(Saved entries)
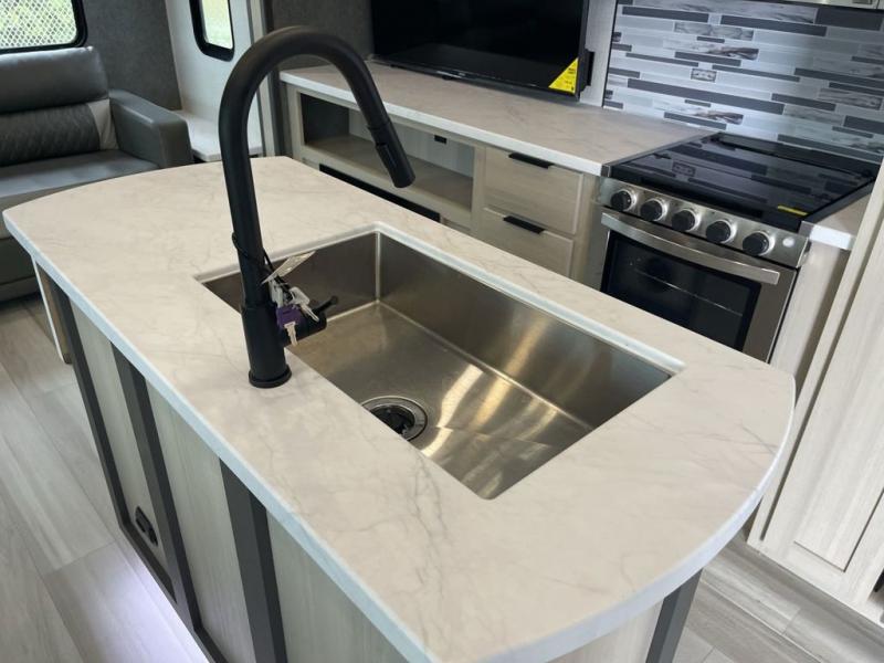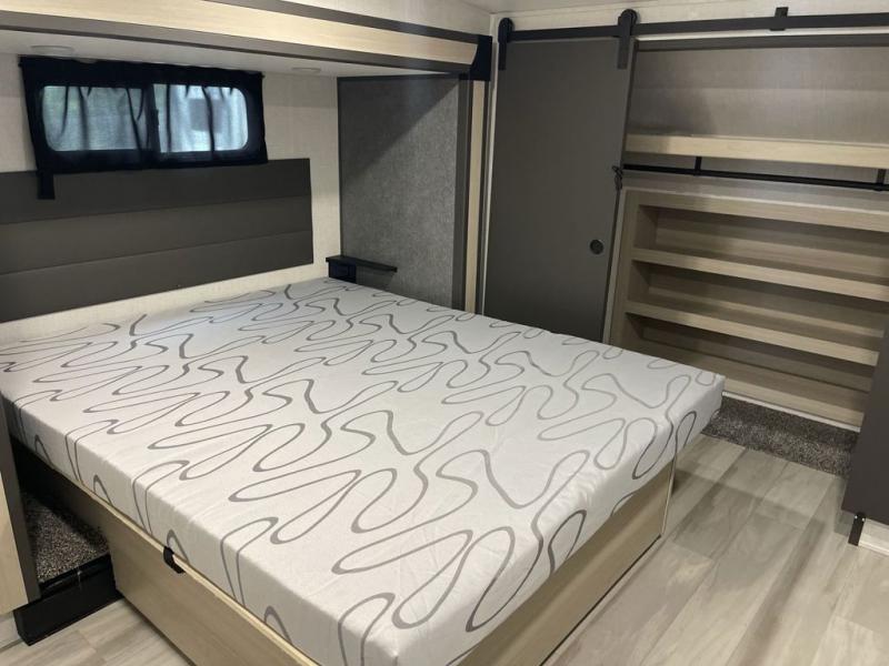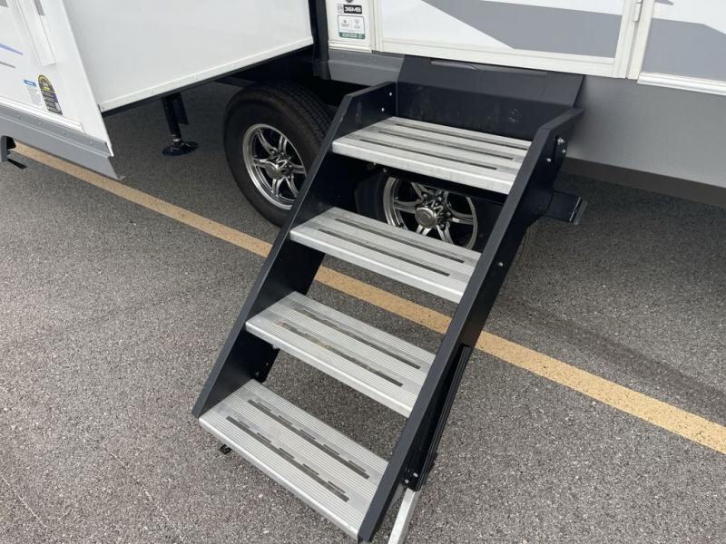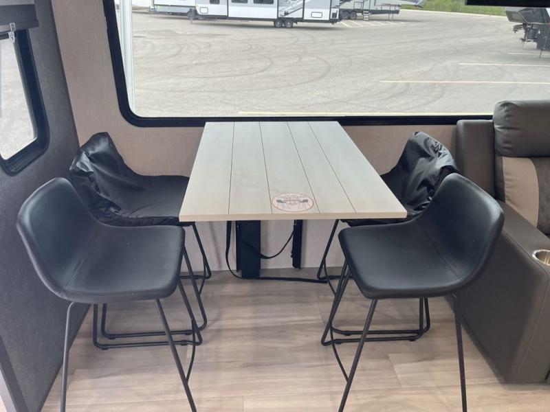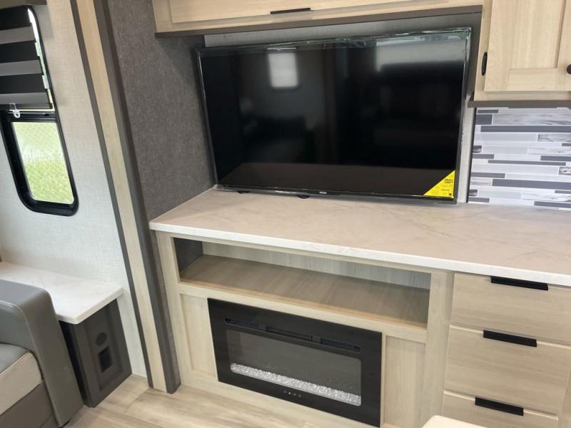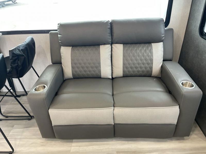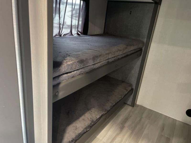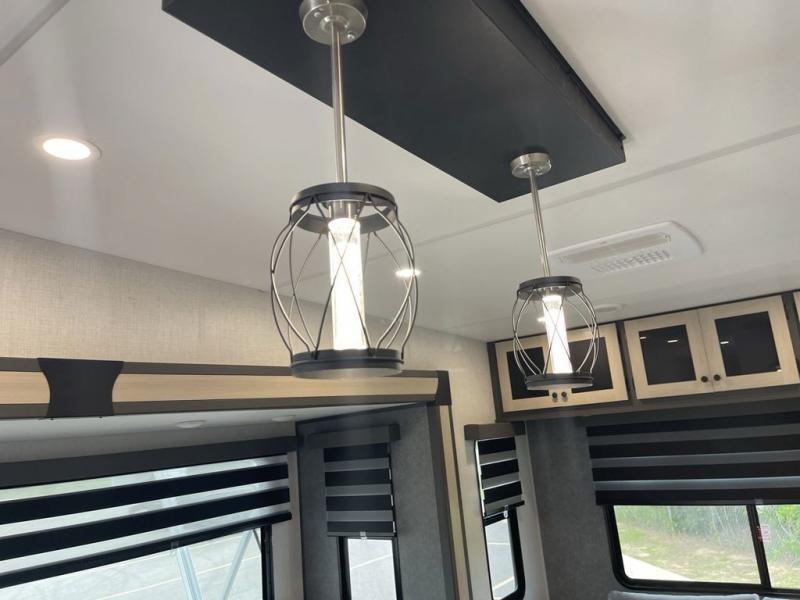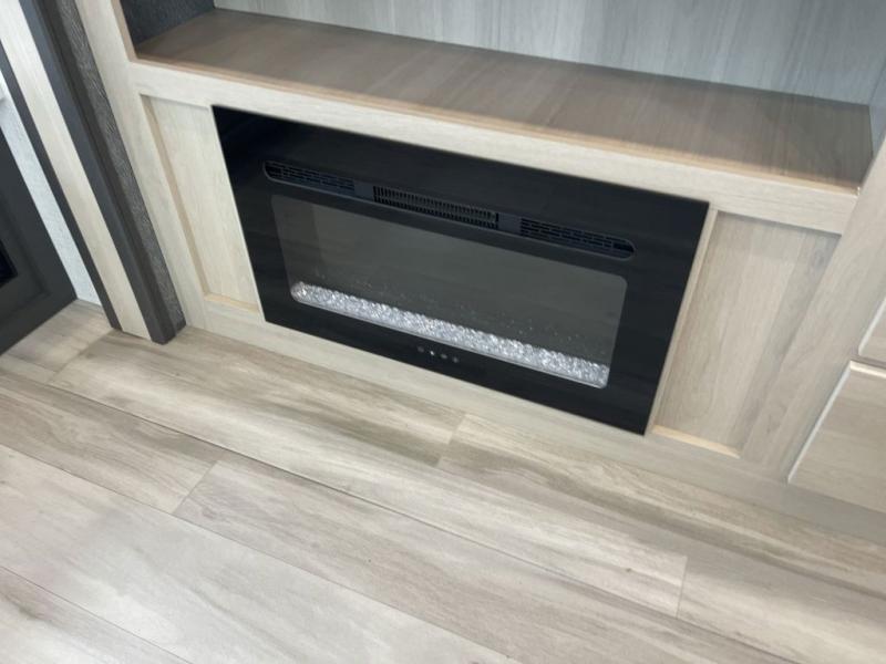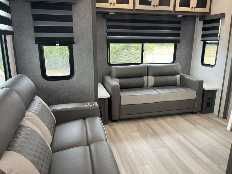Wow! You won't believe the features found in this luxury fifth wheel that can sleep up to nine each night! Your guests or the kids will absolutely love the middle bunkroom with triple bunks and a loft above for even more sleeping or storage space. There is also a pull-out desk here, which will allow you to utilize this space as an office as well! You'll have your own space in the front private bedroom on the king bed slide out, and there is a walk-in wardrobe to keep your clothes tidy. There is even washer and dryer prep for the option to keep those clothes clean! The chef of your group will have everything they need to prepare meals, including a 21" 2-in-1 oven range, an over-the-range microwave, a 16 cu. ft. 12V refrigerator, plus a kitchen island for more counter space. In the evenings, your crew can get cozy on the rear sofa and theater seats across from the entertainment center and fireplace, or you might just play a game at the hi-top table and chairs!
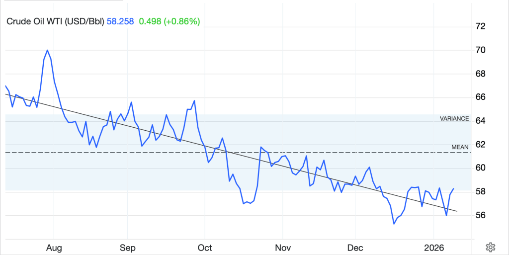 Wednesday, we saw a large draw in crude inventories abut a massive build in both gasoline and distillates which feels mildly bearish. The narrative is the Iran story is getting people nervous for potential short-term disruption, but I remain overall bearish for now. As to the metals markets, gold (-0.3%) is slipping after having recovered early morning losses yesterday and finishing higher, while silver (+0.6%) is still bouncing along with copper (+1.8%) and platinum (+0.4%). Metals are in demand and supply is short. Price here have further to rise I believe.
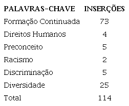 Nesta pesquisa, a escolha das unidades de registro levou em conta as características dos PPPs, bem como, identificar como são abordadas as questões étnico-raciais nestas escolas. Por isso, foram definidas as seguintes palavras-chave: formação continuada; direitos humanos; racismo; preconceito; discriminação; e diversidade. Na sequência, foi feita a contagem dessas palavras nos textos, através da ferramenta “localizar” disponível para realizar buscas nos arquivos digitais com extensão PDF. Subsequente, foi elaborada uma tabela com os elementos palavras-chave - inserções.
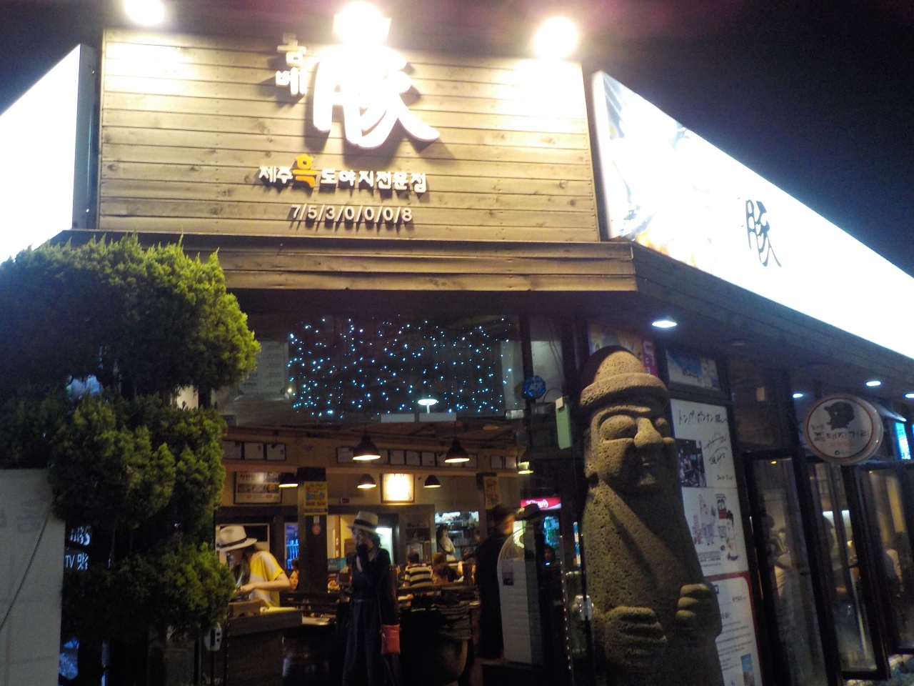 チェジュ特産の黒豚をとても美味しくいただきました。実はサムギョプサル等豚肉はあまり好物ではないのですが、こちらはこれまでで一番の美味しさでした。
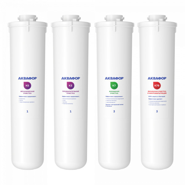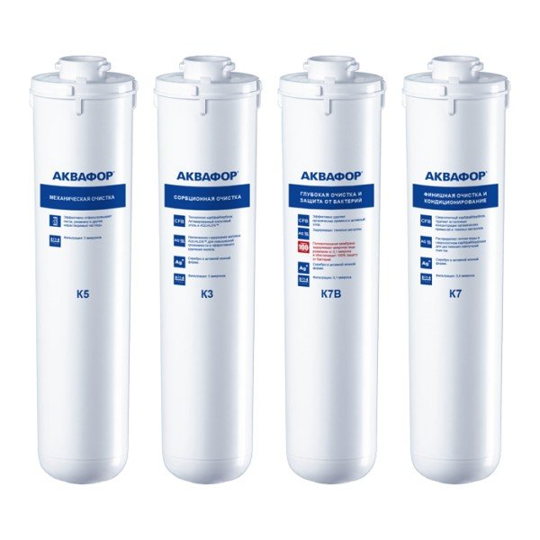Комплект сменных модулей глубокой очистки. Оптимален для мягкой воды. В условиях жесткой воды он полностью выполняет функцию глубокой очистки от вредных примесей, однако не снижает минерализацию. Поэтому, если при кипячении на нагревательных элементах образуется белый налет, рекомендуем рассмотреть специализированный комплект с умягчающим модулем для глубокой очистки воды.
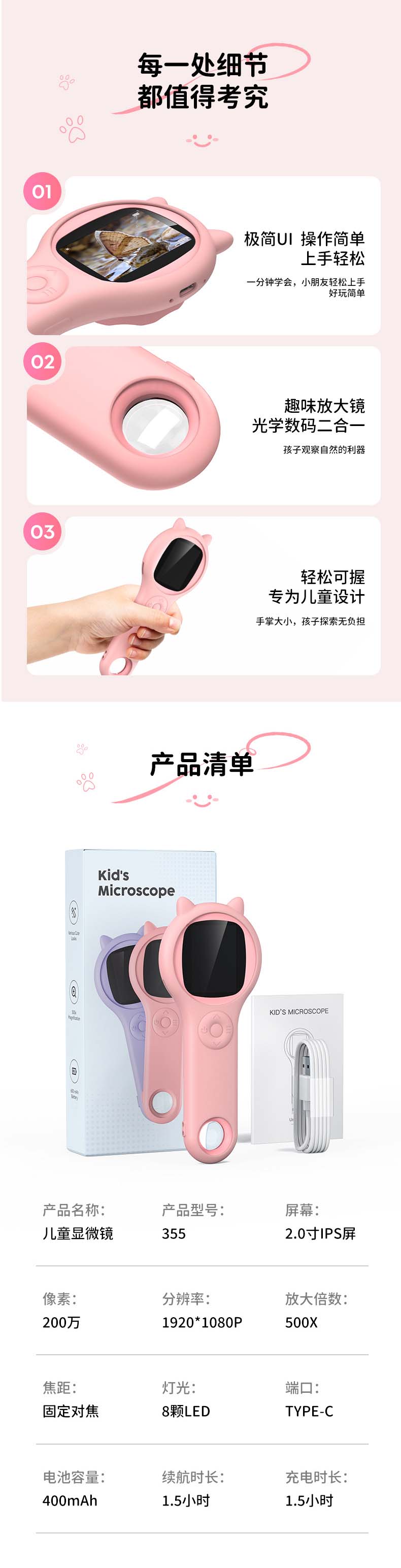 跨界亚马逊显微镜升级款儿童放大镜家教学习200W显微镜微距镜头
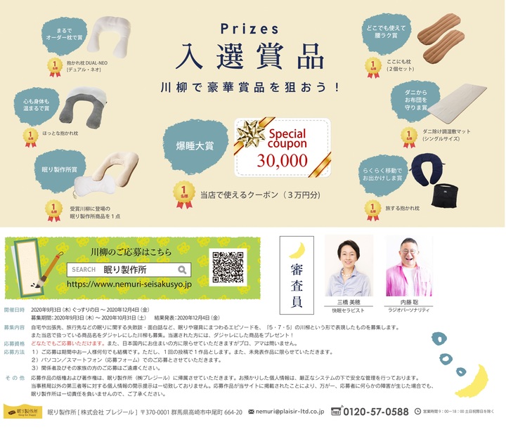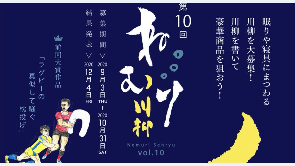 特に今年はコロナ禍で寝付けない、眠れないという方も増えています。そんな緊張した時だからこそ一服の清涼剤として気持ちを和らげるためにもどうイベントを開催。昨年はラグビーワールドカップを題材にした川柳が多かったように思います。ご自身のことでも、ご家族のことでも、「眠り製作所」の商品のことでも、どんなネタでも構いません。眠りについての失敗談やおもしろいエピソード、ほっと安らぐ体験など、皆様のユーモアあふれる作品を募集しています。
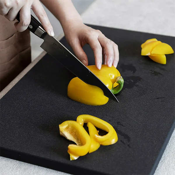 Préserve le tranchant des couteaux : sa surface en caoutchouc synthétique offre une sensation de coupe douce, proche du bois, qui limite l’usure des lames.
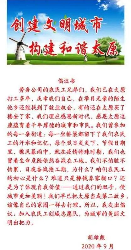自太原市開(kāi)展創(chuàng)城活動(dòng)以來(lái),太原市政集團(tuán)聚興勞務(wù)公司農(nóng)民工、全國(guó)五一勞動(dòng)獎(jiǎng)?wù)芦@得者胡雄彪第一時(shí)間向集團(tuán)公司3600余名農(nóng)民工發(fā)出倡議,鼓勵(lì)大家加入并組建一支農(nóng)民工志愿服務(wù)隊(duì),為太原創(chuàng)建全國(guó)文明城市出把力。
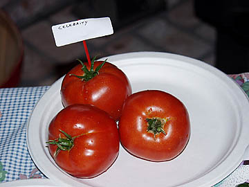 Determinate, 80 days. A UC Cooperative Extension taste test winner in 1999. I was happy to rediscover this old favorite in 2001. And it was a 2002 Farmer Fred Taste Test winner at our annual August tasting party. In our garden, it produced fruits well over one pound, great for slicing. However, the 2003 Ace 55 did not produce one tomato, despite being a vigorously healthy green plant. After a five year hiatus, another trial for the Ace 55.
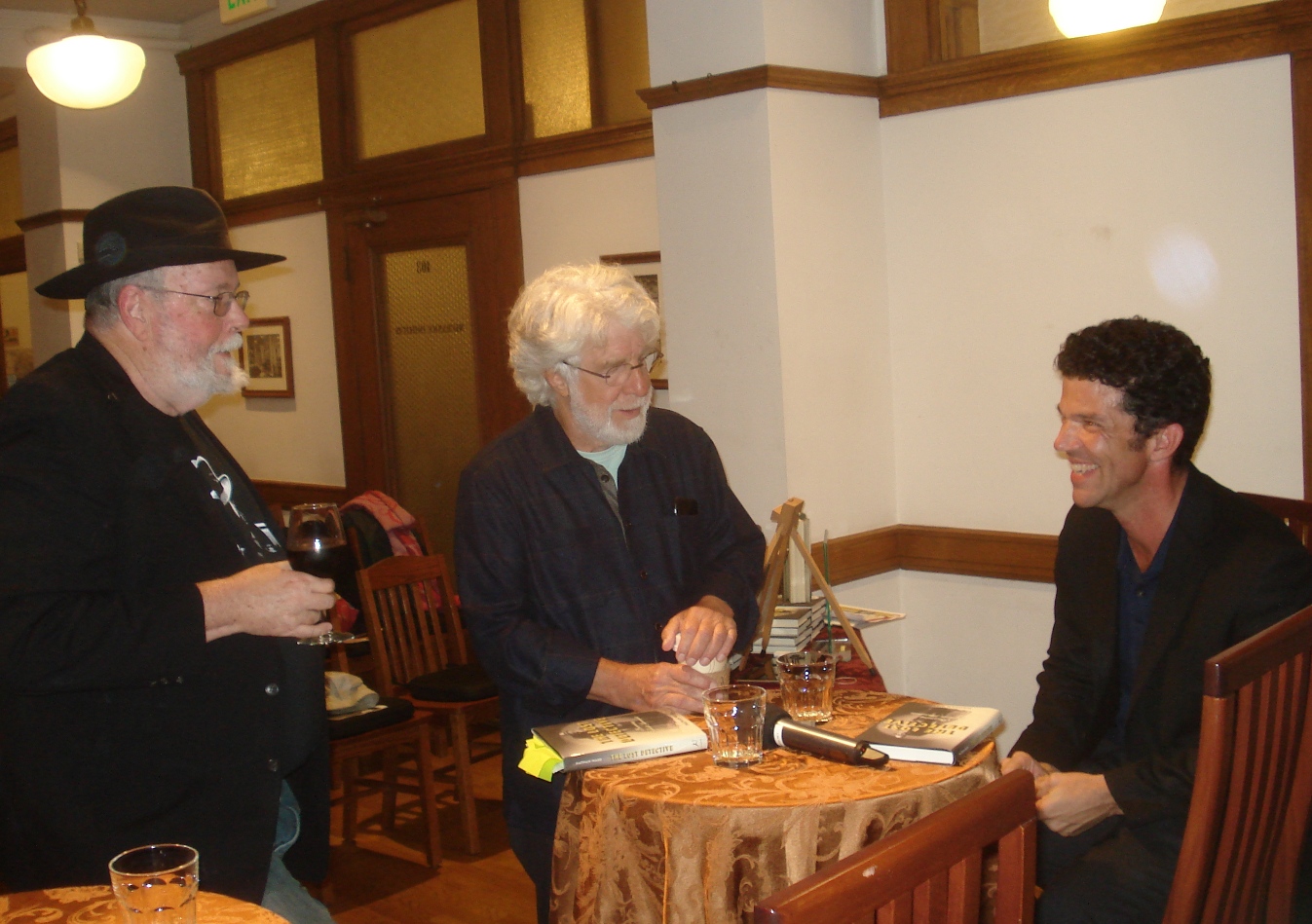 Image at top: holding down a table at the Mechanics’ Library talk while Nathan Ward merrily signs a copy of his new bio of Hammett.

- Exercise directions
The copy should hold exactly the lines from the line containing "自太原市開(kāi)展創(c" through the last line of the records, both included, and no pictures or other lines.

- Result
自太原市開(kāi)展創(chuàng)城活動(dòng)以來(lái),太原市政集團(tuán)聚興勞務(wù)公司農(nóng)民工、全國(guó)五一勞動(dòng)獎(jiǎng)?wù)芦@得者胡雄彪第一時(shí)間向集團(tuán)公司3600余名農(nóng)民工發(fā)出倡議,鼓勵(lì)大家加入并組建一支農(nóng)民工志愿服務(wù)隊(duì),為太原創(chuàng)建全國(guó)文明城市出把力。
 Determinate, 80 days. A UC Cooperative Extension taste test winner in 1999. I was happy to rediscover this old favorite in 2001. And it was a 2002 Farmer Fred Taste Test winner at our annual August tasting party. In our garden, it produced fruits well over one pound, great for slicing. However, the 2003 Ace 55 did not produce one tomato, despite being a vigorously healthy green plant. After a five year hiatus, another trial for the Ace 55.
 Image at top: holding down a table at the Mechanics’ Library talk while Nathan Ward merrily signs a copy of his new bio of Hammett.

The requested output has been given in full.